It is possible that in these views I may be mistaken; and that the gentlemen to whom I allude may wholly differ from me. But there is no reason because they do so, avowing their dissent, that they should abstain from joining me in the task of deliver. ing Africa from the Slave Trade by the means of her own mind and her own resources, developed and cultivated. In this object we heartily agree; and for its accomplishment we may heartily unite. I number amongst my coadjutors very many of the Society of Friends; but I prize too highly the disinterested and unflinching zeal with which that body pursues the objects which it approves, to be content to lose any individual of the number, especially through a misapprehension; and it is for the purpose of averting this, that I have thought it necessary to enter into this explanation.

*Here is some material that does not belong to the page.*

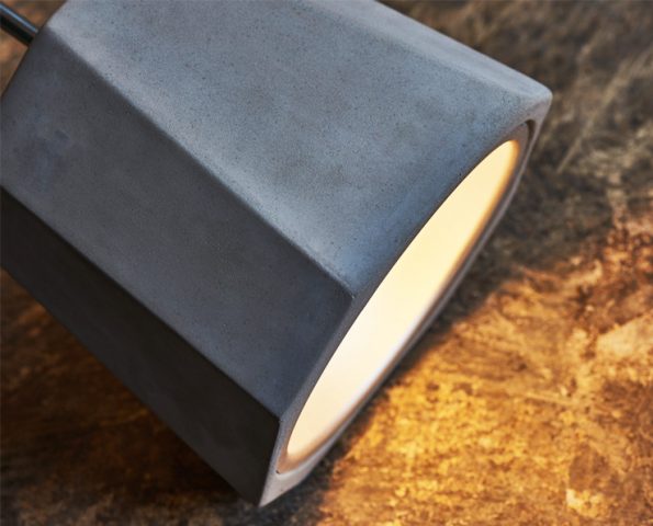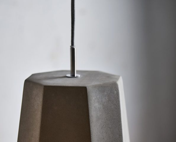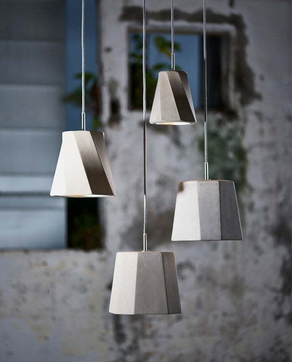 L'abat-jour en béton à facettes de la suspension CASTLE ROCK est une représentation géométrique de ce que l'on trouve dans la nature. L'extérieur en béton mat est contrasté par un intérieur métallique qui réfléchit et amplifie la lumière projetée vers le bas pour un éclairage doux.

I have already described the state of Africa. It will on all hands be said that there are great, if not invincible difficulties to the application of a remedy. This is but too true. There is only one consideration strong enough to prompt us to grapple with these difficulties, namely, a just apprehension of her miseries. I pray my readers not to shrink from the task of sedulously studying the facts collected in this book. In the case of Africa, I fear hardly anything so much as the indulgence of excessive tenderness of feeling. If the benevolent and religious portion of the public choose to content themselves with the general and superficial conviction, that there is no doubt a great mass of misery in Africa, but refuse to sift and scrutinize each circumstance of horror, pleading the susceptibility of their nerves as an apology to themselves for shutting their eyes and closing their ears to such revolting details; then the best hope for Africa-perhaps the only hope-vanishes away. That resolute, unflinching, untiring determination which is necessary, in order to surmount the difficulties which lie in the way of her deliverance, requires not only that the understanding should be convinced, but that the heart should be moved. Our feelings will be far too tame for the occasion, unless we can, in pity to Africa, summon courage enough to face, and to study, the horrors of the Slave Trade, and the abominations which there grow out of a dark and bloody superstition.

INTRODUCTION.

It has been no very difficult task to collect materials for a description of the varied and intense miseries with which Africa is afflicted. Every person who visits that country, whether his motive be the pursuit of traffic or the gratification of curiosity, the prosecution of geographical science or of missionary labor, brings back a copious collection of details calculated to excite pity, disgust, and horror.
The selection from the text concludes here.